Try to visit as many planets and collect as many minerals as you can before running out of fuel.
If you're really lucky the speed and direction you're travelling when you run out of fuel will take you over a planet that has fuel, and you can continue on, but you can also give up if you don't want to wait and see.
Commentary
Finally did a Big Thing (or a relatively Big Thing) with my vector line drawing stuff in PICO-8. I am calling this mess 8STROKE and will probably make more games with it in future, although maybe not for a while because this was a lot of work. Nonetheless I am getting in on time and with plenty of nice-to-haves done! Very happy.
itch.io page: here.
Controls
Z to start. Arrows move the bear.
Commentary
I got tangled in a dirty web of vector rotation when I was working on this month's game, and it so distracted me that I never actually worked on the other parts of the game...so instead, I threw this together in two days! Just like I always seem to do.
Nonetheless I think it's pretty good. You play as a bear who's just woken up from hibernation to a snowy landscape with no grass! Have to clear that up so grass can grow and spring can really begin.

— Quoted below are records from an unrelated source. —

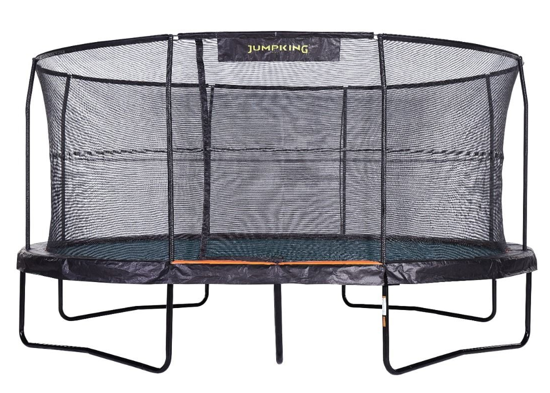 14 ft x 17 ft Oval Ultra with Integrated Safety Net EnclosureThe 14 ft x 17 ft Oval Ultra is a premium, large-format trampoline from JumpKing, designed for family fun, fitness, and high-performance bouncing. Featuring a fully integrated safety net enclosure supported by horizontal shock-corded rods, it provides a secure and expansive jumping arena. Its robust galvanised steel frame with welded joints, high-strength Armorweave bed, and durable XPE foam padding ensure long-lasting performance and structural integrity. Supplied as a complete set with ladder and enclosure, the Oval Ultra offers a convenient, innovative, and safe solution for large gardens, combining superior safety, responsive performance, and easy assembly. - Premium quality 14 ft x 17 ft Oval Trampoline with Safety Net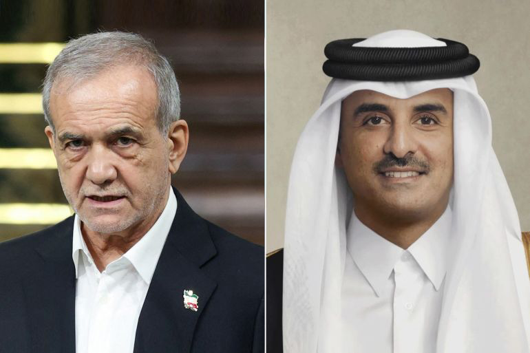 أجرى أمير دولة قطر الشيخ تميم بن حمد آل ثاني اتصالا هاتفيا مع الرئيس الإيراني مسعود بزشكيان بحثا فيه الأوضاع الراهنة وجهود خفض التصعيد، وفقا لبيان الديوان الأميري القطري.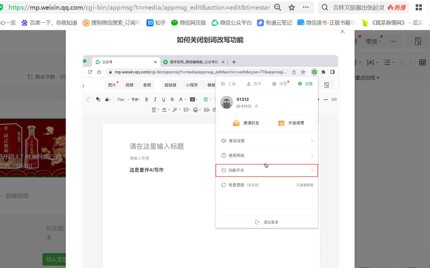 【问题描述】: 编辑里选中文字,就会跳出AI写作助手,很影响写作体验,很烦人,关都找不到开关。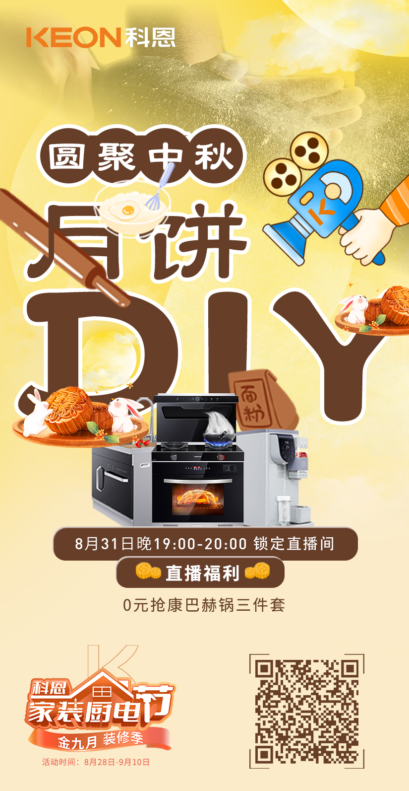 講真,吃久了外面買的月餅,總有那么一刻想要自己做來試試,而看到種種月餅DIY教程,呃……似乎難度……有點大!!!!于是!科恩集成灶就貼心的在科恩家裝廚電節活動期間安排了【圓聚中秋,月餅DIY】為主題的直播活動!手把手教你用科恩集成灶做高顏值的中秋月餅,而且據說直播現場還有0元搶康巴赫鍋三件套的壕氣福利!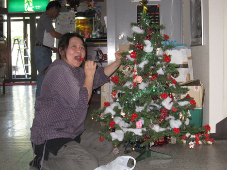Lou wasn’t hard to find. He was in the hotel lobby with Midori Asou, the owner of the Sun Pearl who was opening boxes of Christmas ornaments and putting him to work decorating the small trees set around the entrance. The Sun Pearl lobby was already a riot of decorations, most of them space related. Models of Japanese rockets stand on the reception desk, and a stuffed HII-A, GPM’s launch vehicle, hangs from the overhang with the GPM water cycle card hanging below. On the far wall are more than a dozen mission stickers, including one for GPM, one for its predecessor mission the Tropical Rainfall Measuring Mission, and one for GCOM-W1, a JAXA rain and climate mission that will contribute data to the GPM mission’s global data products.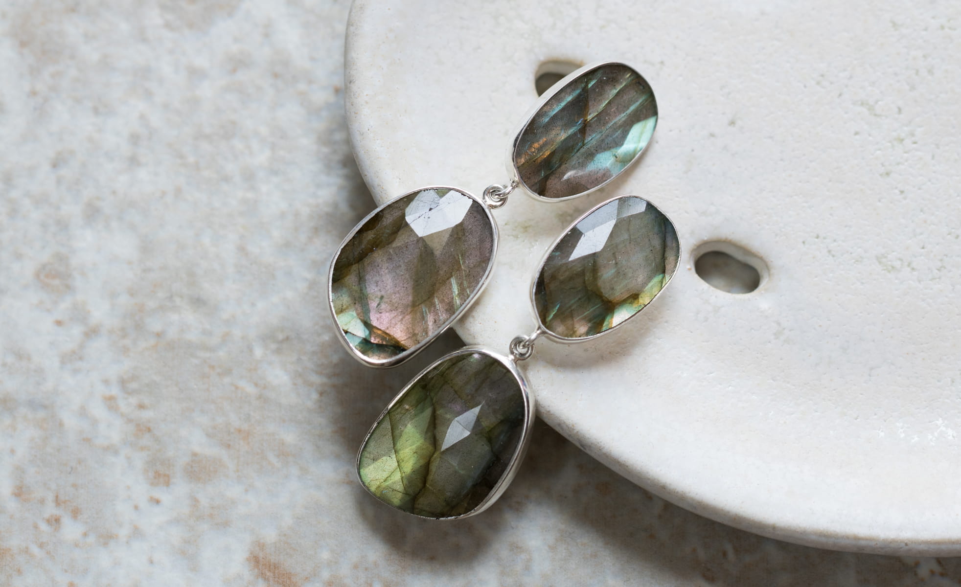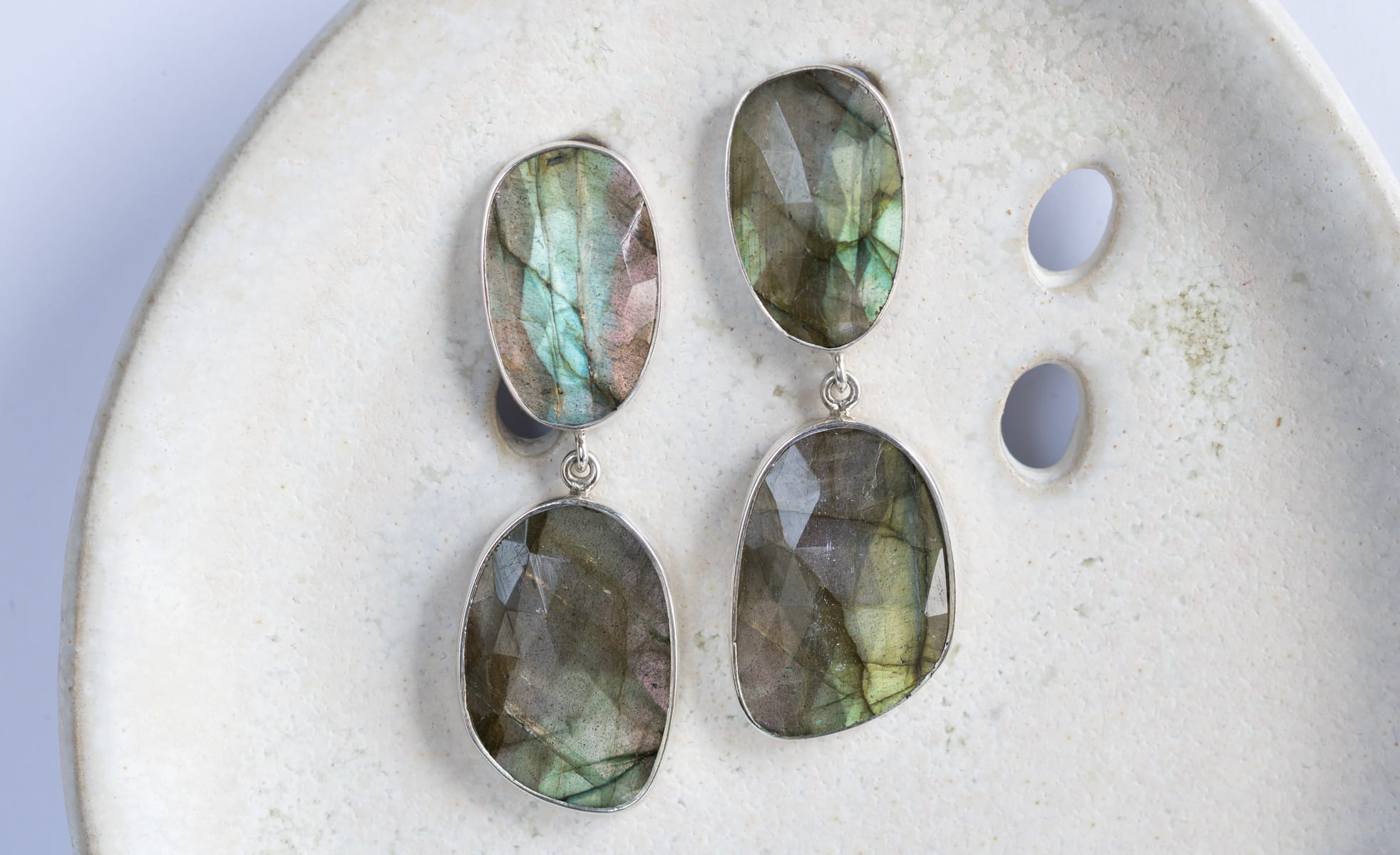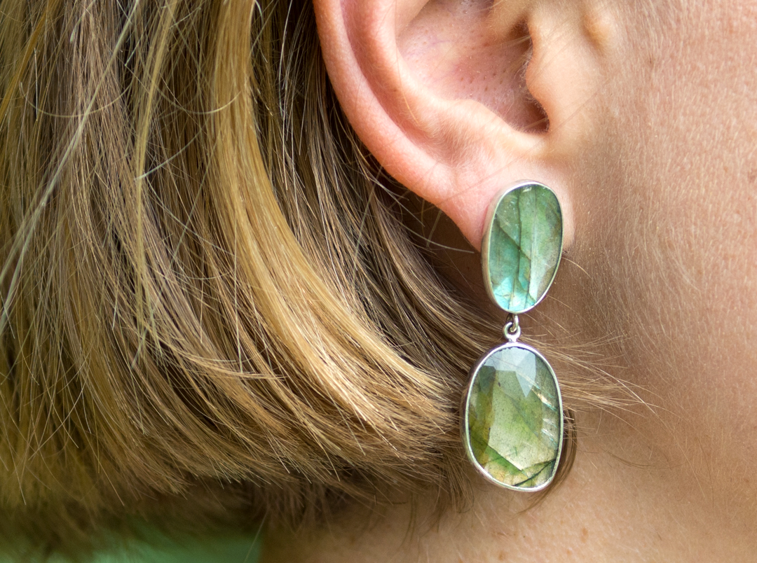 Wiszące kolczyki z fasetowanymi labradorytami w srebrnej oprawie p.925, na sztyft. Długość całkowita kolczyków 45mm.
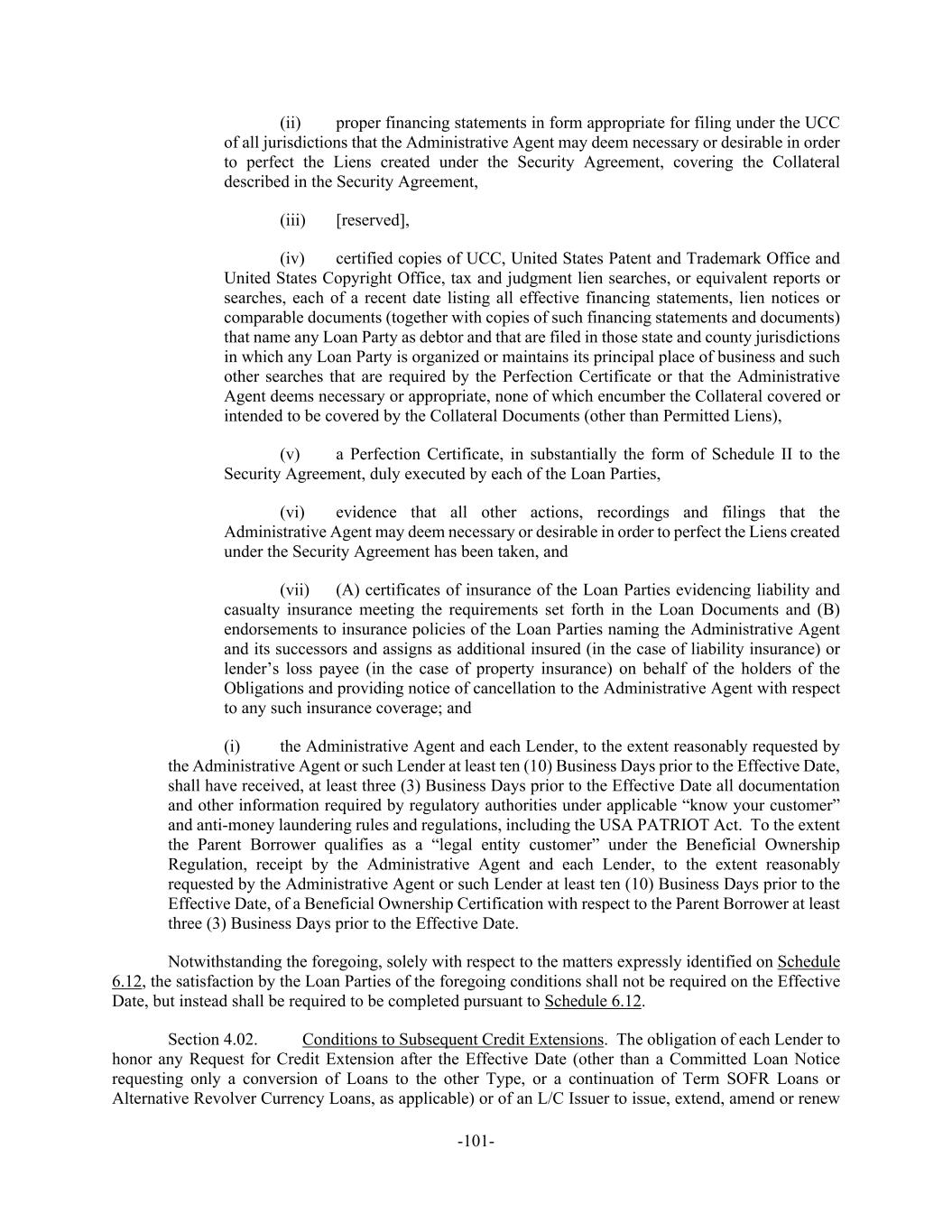 -101- (ii) proper financing statements in form appropriate for filing under the UCC of all jurisdictions that the Administrative Agent may deem necessary or desirable in order to perfect the Liens created under the Security Agreement, covering the Collateral described in the Security Agreement, (iii) [reserved], (iv) certified copies of UCC, United States Patent and Trademark Office and United States Copyright Office, tax and judgment lien searches, or equivalent reports or searches, each of a recent date listing all effective financing statements, lien notices or comparable documents (together with copies of such financing statements and documents) that name any Loan Party as debtor and that are filed in those state and county jurisdictions in which any Loan Party is organized or maintains its principal place of business and such other searches that are required by the Perfection Certificate or that the Administrative Agent deems necessary or appropriate, none of which encumber the Collateral covered or intended to be covered by the Collateral Documents (other than Permitted Liens), (v) a Perfection Certificate, in substantially the form of Schedule II to the Security Agreement, duly executed by each of the Loan Parties, (vi) evidence that all other actions, recordings and filings that the Administrative Agent may deem necessary or desirable in order to perfect the Liens created under the Security Agreement has been taken, and (vii) (A) certificates of insurance of the Loan Parties evidencing liability and casualty insurance meeting the requirements set forth in the Loan Documents and (B) endorsements to insurance policies of the Loan Parties naming the Administrative Agent and its successors and assigns as additional insured (in the case of liability insurance) or lender’s loss payee (in the case of property insurance) on behalf of the holders of the Obligations and providing notice of cancellation to the Administrative Agent with respect to any such insurance coverage; and (i) the Administrative Agent and each Lender, to the extent reasonably requested by the Administrative Agent or such Lender at least ten (10) Business Days prior to the Effective Date, shall have received, at least three (3) Business Days prior to the Effective Date all documentation and other information required by regulatory authorities under applicable “know your customer” and anti-money laundering rules and regulations, including the USA PATRIOT Act. To the extent the Parent Borrower qualifies as a “legal entity customer” under the Beneficial Ownership Regulation, receipt by the Administrative Agent and each Lender, to the extent reasonably requested by the Administrative Agent or such Lender at least ten (10) Business Days prior to the Effective Date, of a Beneficial Ownership Certification with respect to the Parent Borrower at least three (3) Business Days prior to the Effective Date. Notwithstanding the foregoing, solely with respect to the matters expressly identified on Schedule 6.12, the satisfaction by the Loan Parties of the foregoing conditions shall not be required on the Effective Date, but instead shall be required to be completed pursuant to Schedule 6.12. Section 4.02. Conditions to Subsequent Credit Extensions. The obligation of each Lender to honor any Request for Credit Extension after the Effective Date (other than a Committed Loan Notice requesting only a conversion of Loans to the other Type, or a continuation of Term SOFR Loans or Alternative Revolver Currency Loans, as applicable) or of an L/C Issuer to issue, extend, amend or renew

There's no real fail state in this game, but it happens in moves - you'll continue in a straight line as long as you're moving over unbroken snow. But it's fun to try and complete levels in the shortest time possible. To be fair, I wasn't able to create as many or as clever levels as I had hoped, but if you're interested you should be able to add some easily by editing the file. If not, just enjoy the 7 levels already there!